▸ **What is required**: Return the data below exactly, minus the pictures.
═════ Data for this task
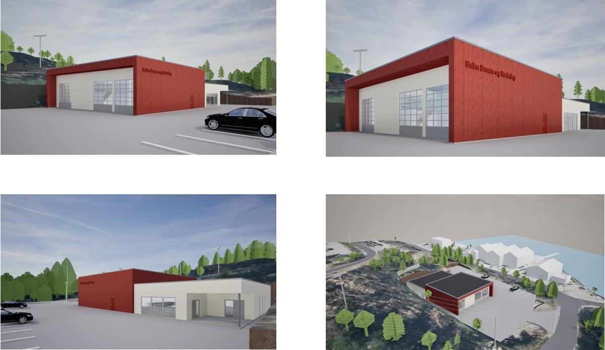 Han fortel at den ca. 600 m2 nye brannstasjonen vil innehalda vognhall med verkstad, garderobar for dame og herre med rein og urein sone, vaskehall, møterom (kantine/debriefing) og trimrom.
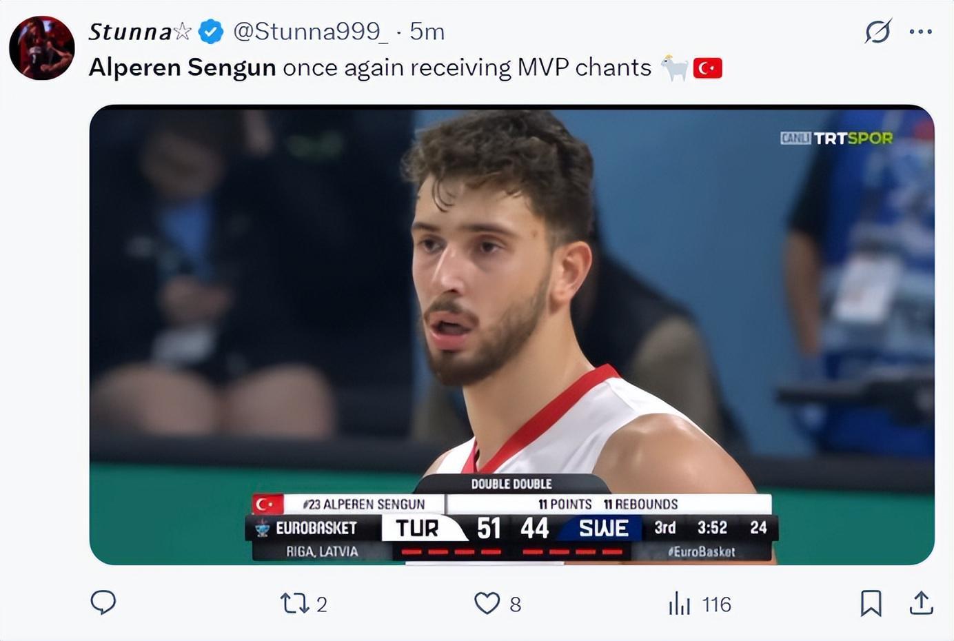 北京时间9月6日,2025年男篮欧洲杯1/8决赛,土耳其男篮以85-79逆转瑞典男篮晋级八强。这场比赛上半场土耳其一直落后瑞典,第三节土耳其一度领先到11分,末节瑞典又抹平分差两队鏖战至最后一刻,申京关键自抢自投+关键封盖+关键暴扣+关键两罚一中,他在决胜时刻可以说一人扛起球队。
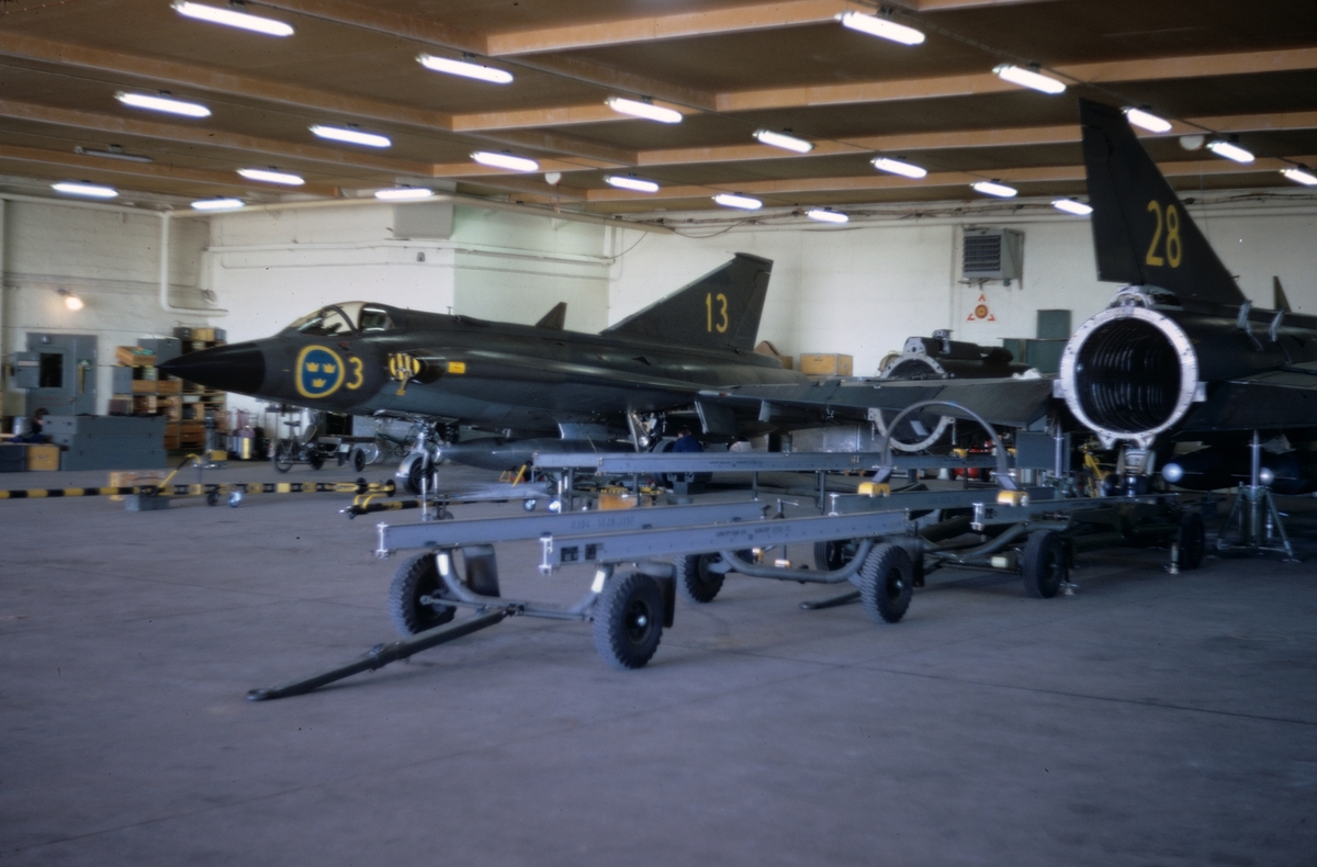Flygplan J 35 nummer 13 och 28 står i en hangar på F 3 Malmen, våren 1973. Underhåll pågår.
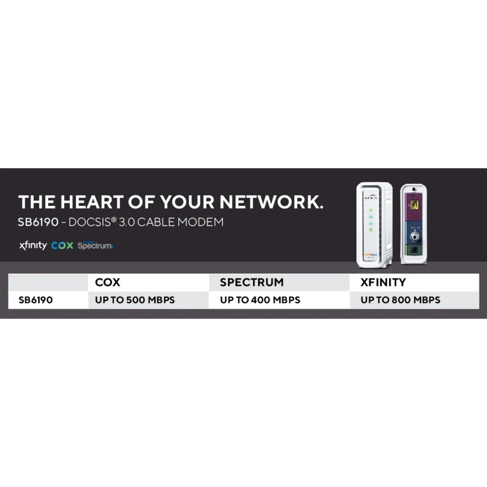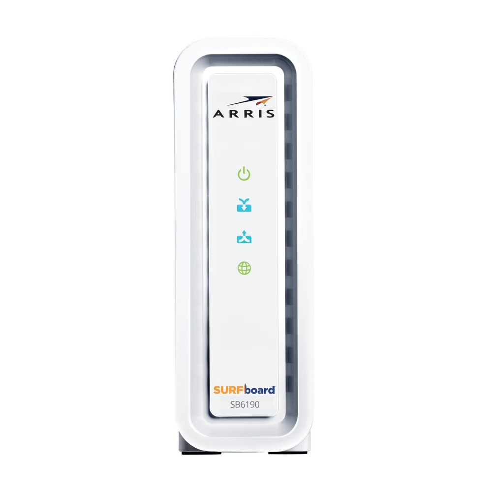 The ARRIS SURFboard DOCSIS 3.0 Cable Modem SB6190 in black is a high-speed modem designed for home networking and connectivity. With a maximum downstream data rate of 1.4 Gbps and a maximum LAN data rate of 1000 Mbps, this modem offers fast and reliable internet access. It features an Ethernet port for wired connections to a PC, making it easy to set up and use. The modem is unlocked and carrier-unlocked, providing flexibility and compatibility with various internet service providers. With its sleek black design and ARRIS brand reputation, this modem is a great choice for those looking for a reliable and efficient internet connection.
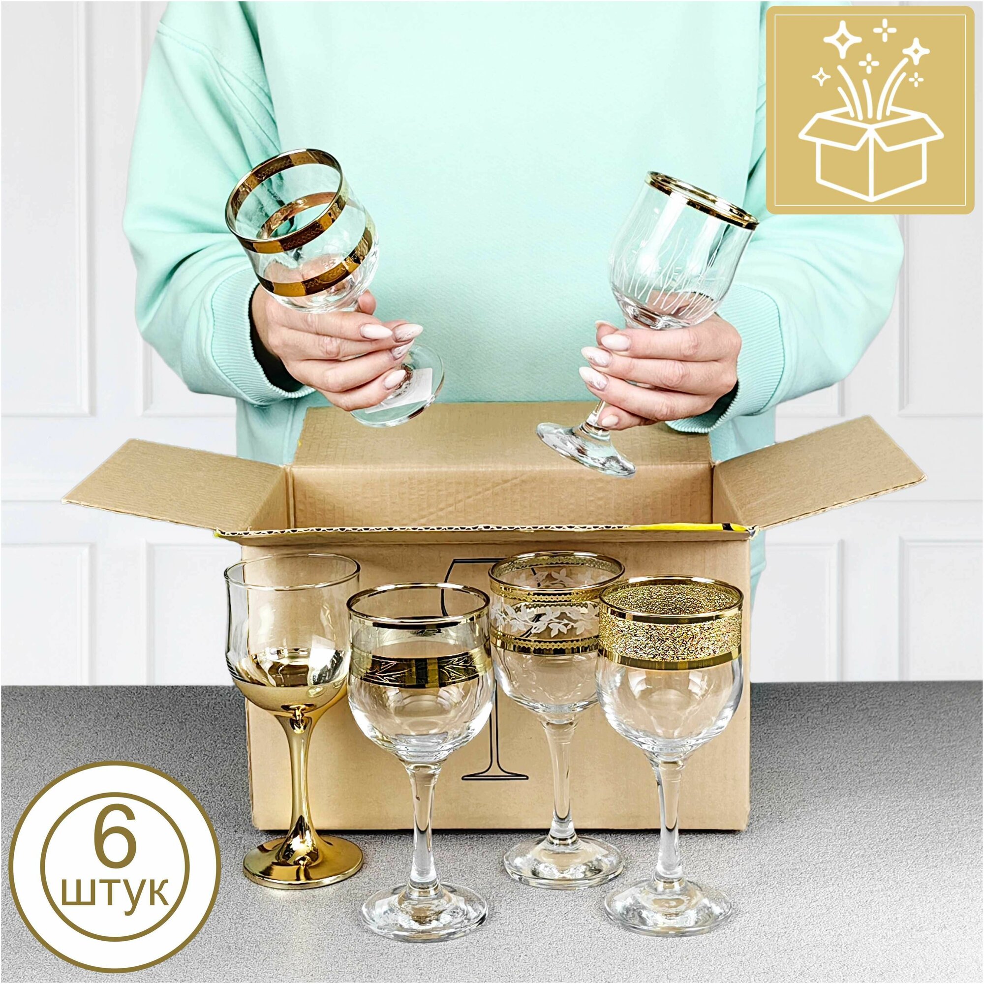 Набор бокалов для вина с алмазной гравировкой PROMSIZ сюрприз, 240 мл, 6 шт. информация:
══════════
▸ **Exercise result**:
 Han fortel at den ca. 600 m2 nye brannstasjonen vil innehalda vognhall med verkstad, garderobar for dame og herre med rein og urein sone, vaskehall, møterom (kantine/debriefing) og trimrom.
 北京时间9月6日,2025年男篮欧洲杯1/8决赛,土耳其男篮以85-79逆转瑞典男篮晋级八强。这场比赛上半场土耳其一直落后瑞典,第三节土耳其一度领先到11分,末节瑞典又抹平分差两队鏖战至最后一刻,申京关键自抢自投+关键封盖+关键暴扣+关键两罚一中,他在决胜时刻可以说一人扛起球队。
Flygplan J 35 nummer 13 och 28 står i en hangar på F 3 Malmen, våren 1973. Underhåll pågår.
 The ARRIS SURFboard DOCSIS 3.0 Cable Modem SB6190 in black is a high-speed modem designed for home networking and connectivity. With a maximum downstream data rate of 1.4 Gbps and a maximum LAN data rate of 1000 Mbps, this modem offers fast and reliable internet access. It features an Ethernet port for wired connections to a PC, making it easy to set up and use. The modem is unlocked and carrier-unlocked, providing flexibility and compatibility with various internet service providers. With its sleek black design and ARRIS brand reputation, this modem is a great choice for those looking for a reliable and efficient internet connection.
 Набор бокалов для вина с алмазной гравировкой PROMSIZ сюрприз, 240 мл, 6 шт. информация:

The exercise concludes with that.